Persistent sessions using FileStore: Split session files to sub-directories? Persistent sessions using FileStore: Split session files to sub-directories? unix unix

Persistent sessions using FileStore: Split session files to sub-directories?


The problem is not necessarily that a file system can't handle millions of files. They can.

The problem is that few of the tools typically available to manipulate the files do not scale well to millions of files.

Consider both ls and rm.

By default ls sorts its filenames. If you do a simple ls on a huge directory, it basically becomes unresponsive while scanning and sorting all of those millions of files. You can run ls and tell it not to sort, it works, but it's still slow.

rm suffers simply from the problem of filename expansion. Modern shells have very high base resource availability, but you don't want to run shell expansion (e.g. "123*") on millions of files. You need to jump through working with things like find and xargs, but it's actually even better to write custom code.

And heaven forbid you accidentally hit TAB in an autocompleting shell while in a directory with millions of entries.

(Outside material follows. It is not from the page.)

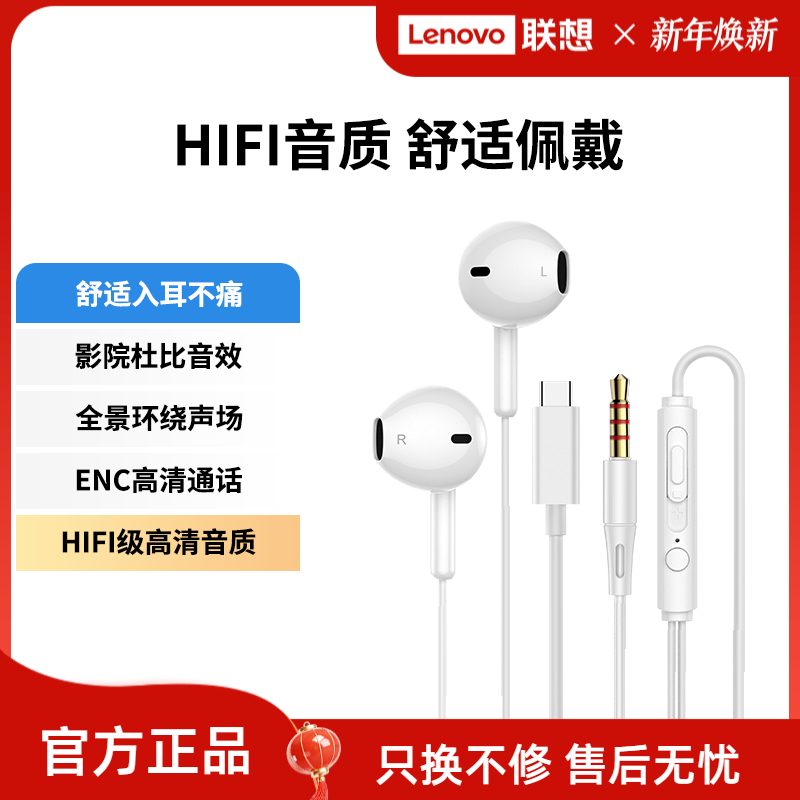 联想生态品牌异能者有线耳机半入耳式音乐高音质手机电脑通用*

The database does not suffer these issues. A table scan of millions of records is routine for the database. Operations on millions of anything takes time, but the DB is much better suited for it, especially small things like session entries (assuming your sessions are, indeed, small -- most tend to be).

The JDBCStore deftly routes around the file system problems and puts the load on a data store more adept to handling these kinds of volumes. File systems are key can make good, ad hoc "key-value" stores, but most of our actual work with file systems tend to be scanning of values. And those tools don't work very well with large volumes.

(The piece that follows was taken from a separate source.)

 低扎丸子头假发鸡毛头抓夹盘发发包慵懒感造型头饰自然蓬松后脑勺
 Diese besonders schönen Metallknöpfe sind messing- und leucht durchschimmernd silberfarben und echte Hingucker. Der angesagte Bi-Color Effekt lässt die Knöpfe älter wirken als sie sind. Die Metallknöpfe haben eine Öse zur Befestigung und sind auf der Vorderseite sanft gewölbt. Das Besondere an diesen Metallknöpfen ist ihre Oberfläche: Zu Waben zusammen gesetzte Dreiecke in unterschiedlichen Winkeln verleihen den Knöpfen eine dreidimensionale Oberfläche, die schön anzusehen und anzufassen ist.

Addenda after looking at the code.

It's easy to see why a large file store will crush the server.

Simply, with the FileStore, every time it wants to try and expire sessions, it reads in the entirety of the directory.

So, best case, imaging reading in a 50M file directory once per minute. This is not practical.

Not only does it read the entire directory, it then proceeds to read every single file within the directory to see if it's expired. This is also not practical. 50M files, utilizing a simple, say, 1024 byte buffer to just read the header of the file, that's 50G of data processing...every minute.

And that's on the optimistic assumption that it only checks once per minute, and not more often.

In contrast, within the JDBCStore, the expiration time is a first class element of the model, so it simply returns all rows with a date less than the expiration time. With an index on that field, that query is essentially instantaneous. Even better, when the logic goes to check if the session has, indeed, expired, it's only checking those that meet the base criteria of the date, instead of every single session.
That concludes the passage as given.